Pierre and I visited Lake Atitlan on out trip here in 1974. It has of coursed changed a lot, as has the rest of the country. But I remember the beach on the lake in Panajachel where we parked our van and camped. That area is now part gravel and part sand, but there is a parking lot above it where the buses and vans park. And outside the window of our simple hotel this time, there were two similar vans parked. They were from Argentina and were travelling from the southern time of South America, to the most northern of Central America. As they cooked their meal behind the van and then closed up so they could sleep inside, I was once again taken back to the when we did the same.

The beach at Panajachel (40 years later)

The little girls in their traditional Mayan skirts and blouses (huipil) still look the same. They follow any tourist that arrives in town, trying to sell bracelets or beaded quetzals. 40 years ago the birds were made of dried corn leaves but that is the only difference.

The towns throughout Guatemala are busy this time of year because of Holy week. Every village has streets lined with colourful carpets made from tinted sawdust or corn meal. This is a tradition here and we saw people working on the carpets in many places. They will only last until a procession carrying Jesus and Mary on heavy wooden platforms passes over them.
In the churches in San Antonio and Santa Caterina de Polopa as well as others we visited, the women were decorating the altars and the men were putting the final touches on the large figures that represent the Easter passion.

Float waiting for a procession

It is interesting to see the mixture of Mayan and Catholic traditions that are part of the religious culture here. We saw groups of women weaving large crosses for Palm Sunday. They add flowers and other things to these beautiful crosses, very different from the dried ones that are manufactured on a large scale for Palm Sunday at home.

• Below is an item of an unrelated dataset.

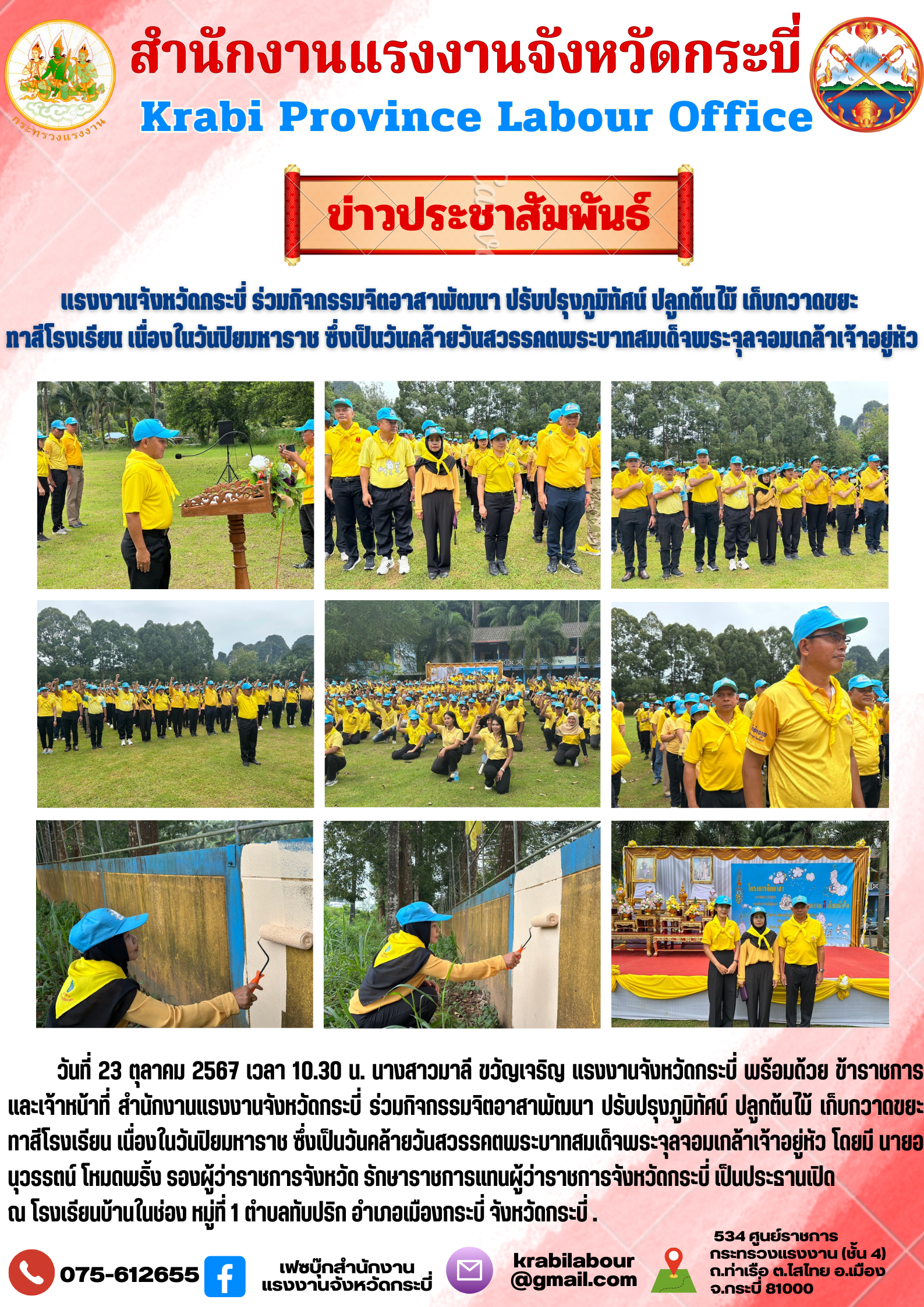 สรจ.กระบี่ ร่วมกิจกรรมจิตอาสาพัฒนา ปรับปรุงภูมิทัศน์ ปลูกต้นไม้ เก็บกวาดขยะ ทาสีโรงเรียน เนื่องในวันปิยมหาราช ซึ่งเป็นวันคล้ายวันสวรรคตพระบาทสมเด็จพระจุลจอมเกล้าเจ้าอยู่หัว

Church steps in Chichicastenango: a mix of Mayan and Christian tradition

The church in Chichicastenango was full to the hilt on Sunday. There was no room even to squeeze in. Whole families were sitting or standing everywhere there was an inch to do so. Mass was celebrated in Spanish and Quetchi, the Mayan dialect spoken here.
Although this is a very Catholic country as is evident during this week of celebration, with long slow processions every day and night (right out of a Fellini movie), there are hundreds of evangelical churches scattered through the towns. They too appear to take part in the Easter celebrations, as does everyone here this week.